The author does a fantastic job of summarizing the control mechanisms employed by the owners to keep the players under their thumbs. The owners maintained local monopolies, territorial rights to exclude competition. The owners controlled player movement with the reserve clause, and buying and selling talent. As noted in the book, owners would require players to purchase, clean, and replace their uniforms. Teams charged players fifty cents per day for travel expenses on road trips. Often times, players were fined for profanity and even blacklisted for trivial offenses. Chicago owner Albert Spalding even hired Pinkerton agents to spy on his own players.


Led by the versatile John Montgomery Ward, the Players’ League outdrew the Nation League in 1890. However, Ross documents the reasons why the league only survived one season. The Pittsburgh franchise was so financially strapped, and turned to amateur players as replacements to cut costs and finish out the season.
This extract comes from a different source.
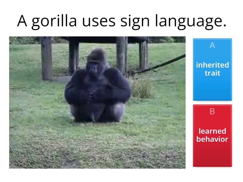1) A gorilla uses sign language. a) inherited trait b) learned behavior 2) A monkey knows which tree has the most fruit. a) inherited trait b) learned behavior 3) A cat has blue eyes. a) inherited trait b) learned behavior 4) A porcupine has sharp quills. a) inherited trait b) learned behavior 5) A rose has a sweet smell. a) inherited trait b) learned behavior 6) A Yucca plant blooms flowers. a) inherited trait b) learned behavior 7) A turtle has a hard shell. a) inherited trait b) learned behavior 8) An elephant walks on its back legs at the circus when the trainer whistles. a) inherited trait b) learned behavior 9) Some fish have wide tailed fins. a) inherited trait b) learned behavior 10) A seagull that has been fed by tourists at the beach returns to the area for food. a) inherited trait b) learned behavior 11) A parrot imitates a barking dog. a) inherited trait b) learned behavior 12) A herd of cattle comes running at the sound of the owner’s truck carrying hay. a) inherited trait b) learned behavior 13) A frog has a yellow color on its back. a) inherited trait b) learned behavior 14) A lizard chooses its favorite rock to sunbathe on. a) inherited trait b) learned behavior 15) A peach has a large seed in the middle. a) inherited trait b) learned behavior 16) A child knows how to ride a bike. a) inherited trait b) learned behavior 17) A dog has pointy ears. a) inherited trait b) learned behavior 18) An oak tree grows acorns. a) inherited trait b) learned behavior

In the end, only the Boston franchise turned a marginal profit, leaving the league in the red. The stronger teams would merge with their National League counterparts. As Ross points out, in the coming years, the average player’s salaries declined.


Ross does a superb job establishing the Players’ League’s legacy in baseball history, and describing the aftermath of its demise. In my humble opinion, Ross hits a home run with “The Great Baseball Revolt.”